Step 5 — Custom Telegram Alert Script
Alert when temperature exceeds 70°C:
cat > ~/temp-alert.sh <<'EOF'
#!/bin/bash
TELEGRAM_TOKEN="your-bot-token"
TELEGRAM_CHAT_ID="your-chat-id"
THRESHOLD=70
while true; do
TEMP=$(vcgencmd measure_temp | grep -oP '\d+\.\d+')
TEMP_INT=${TEMP%.*}
if [ "$TEMP_INT" -gt "$THRESHOLD" ]; then
curl -s -X POST "https://api.telegram.org/bot$TELEGRAM_TOKEN/sendMessage" \
-d "chat_id=$TELEGRAM_CHAT_ID" \
-d "text=Alert: Pi temperature is ${TEMP}°C"
fi
sleep 300 # Check every 5 minutes
done
EOF
chmod +x ~/temp-alert.sh
nohup ~/temp-alert.sh > /tmp/temp-alert.log 2>&1 &
Replace your-bot-token and your-chat-id with actual values from BotFather and your Telegram account.

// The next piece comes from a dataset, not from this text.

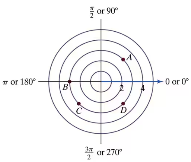 In Exercises 21–26, use a polar coordinate system like the one shown for Exercises 1–10 to plot each point with the given polar coordinates. Then find another representation of this point in which a. r>0, 2π < θ < 4π. b. r<0, 0. < θ < 2π. c. r>0, −2π. < θ < 0. (4, π/2)

Monitoring Tools Comparison
| Tool | Memory | CPU | Real-Time | Historical | Web UI |
|---|---|---|---|---|---|
| Built-in (vcgencmd) | <5MB | minimal | yes | no | no |
| htop | ~10MB | minimal | yes | no | no |
| Netdata | 100MB | 2-3% | yes | 24h default | yes |
| Prometheus | 150-200MB | 3-5% | yes | 30+ days | yes (Grafana) |
Troubleshooting
High memory usage despite low workload
Netdata and Prometheus grow over time. Reduce retention: edit docker-compose and lower storage.tsdb.retention.time to 7d or restart services to clear old data.
Temperature alerts firing too often
Increase THRESHOLD in the alert script or extend the sleep interval to 600 seconds (10 minutes) for less noise.
Grafana dashboard not updating
Verify Node Exporter is running: curl http://localhost:9100/metrics | head -20. Restart Prometheus if metrics are stale.
Port already in use
If port 9090 is occupied, change Prometheus port: edit docker-compose to "9091:9090" and update Grafana data source accordingly.
Summary
Use built-in tools for quick health checks, Netdata for a lightweight dashboard, and Prometheus/Grafana for production monitoring with alerting. Most homelabs thrive on Netdata alone—only reach for the full stack if you need historical analysis or multi-Pi federation.